• **STORED DATA**:

++++++

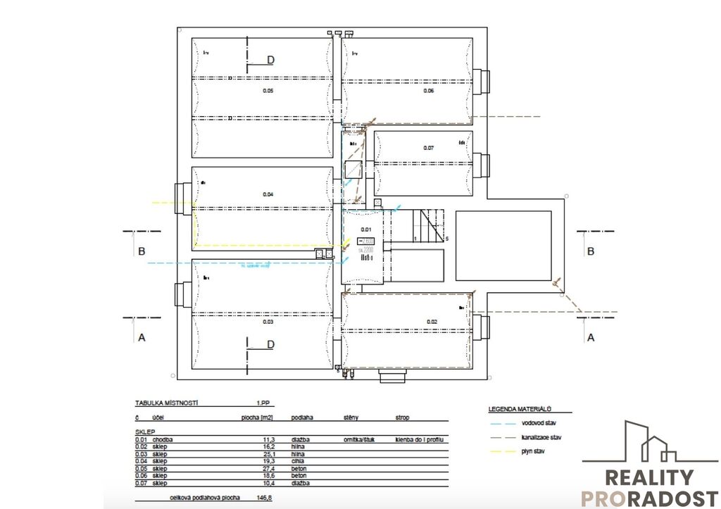 Podlahová plocha celkem: 376,2 m2, sklepy celkem 128m2, kóje různých velikostí.
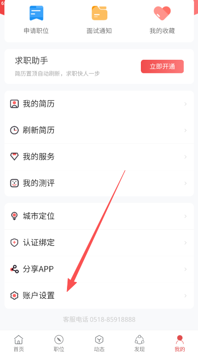 1、以求职者的身份登录,在个人我的页面点击账户设置。
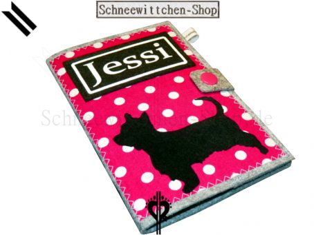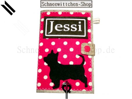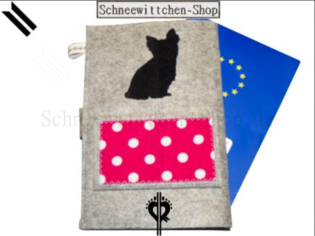 EU-Heimtierausweis Hülle Tierpasshülle Hundepasshülle Yorkshire Terrier aus Filz mit Beflockung.
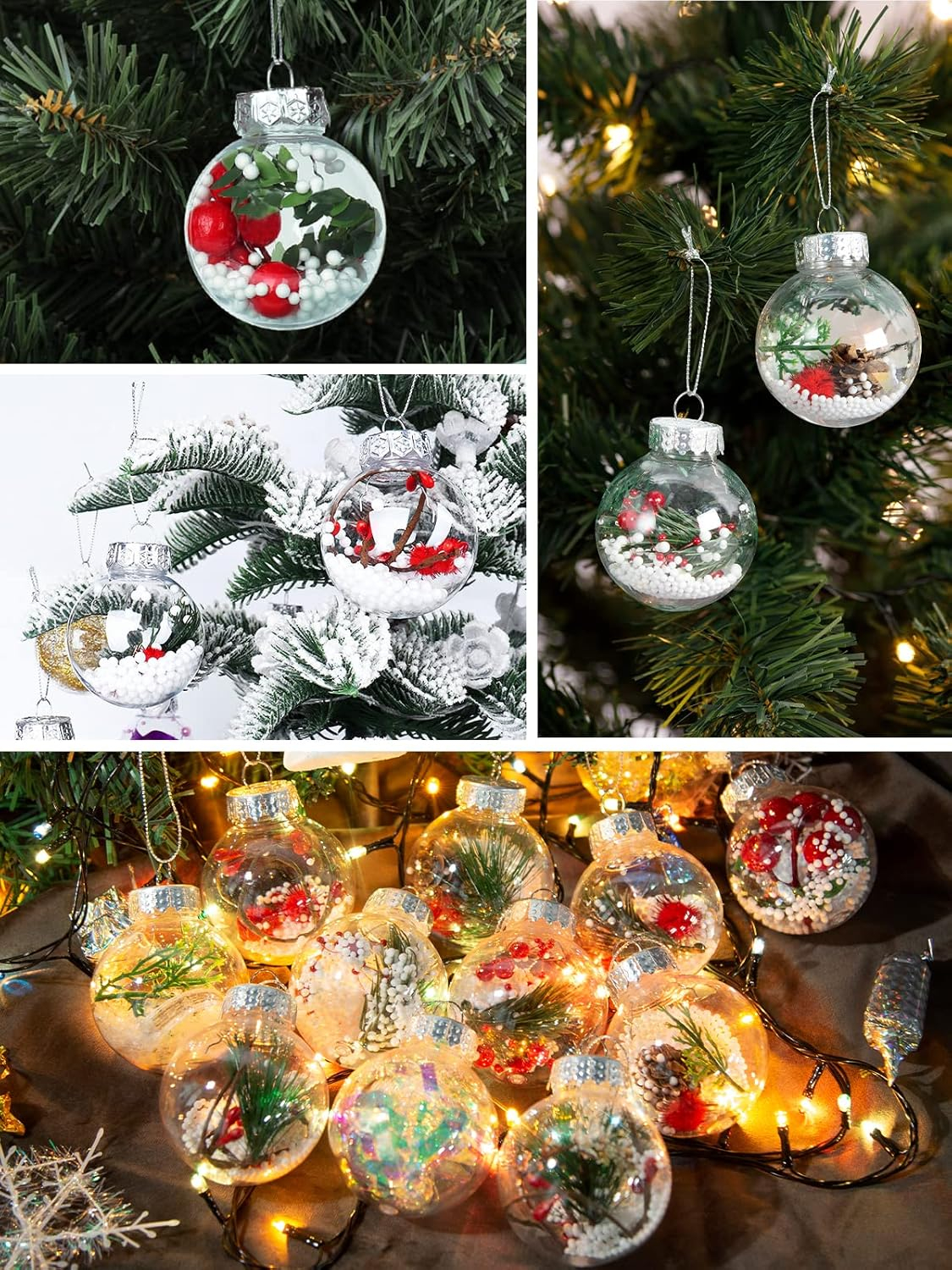 Decorațiuni de bauble de Crăciun. Minge de decor de Crăciun conține zăpadă artificială, flori, fructe de pădure mici, dulciuri, pene, frunze de brad și multe altele. Nu este potrivit doar pentru decorațiunile de Crăciun, ci și ca decor pentru pomul de Crăciun.

++++++

• **DESCRIPTION OF THE TASK**:
Leaving aside every picture, transcribe exactly the lines that run from the one with "1、以求职者的身份登录,在个人我的页面点击账户设置。" to the close of the listing above.

• **ANSWER FOR THIS EXERCISE**:
 1、以求职者的身份登录,在个人我的页面点击账户设置。
 EU-Heimtierausweis Hülle Tierpasshülle Hundepasshülle Yorkshire Terrier aus Filz mit Beflockung.
 Decorațiuni de bauble de Crăciun. Minge de decor de Crăciun conține zăpadă artificială, flori, fructe de pădure mici, dulciuri, pene, frunze de brad și multe altele. Nu este potrivit doar pentru decorațiunile de Crăciun, ci și ca decor pentru pomul de Crăciun.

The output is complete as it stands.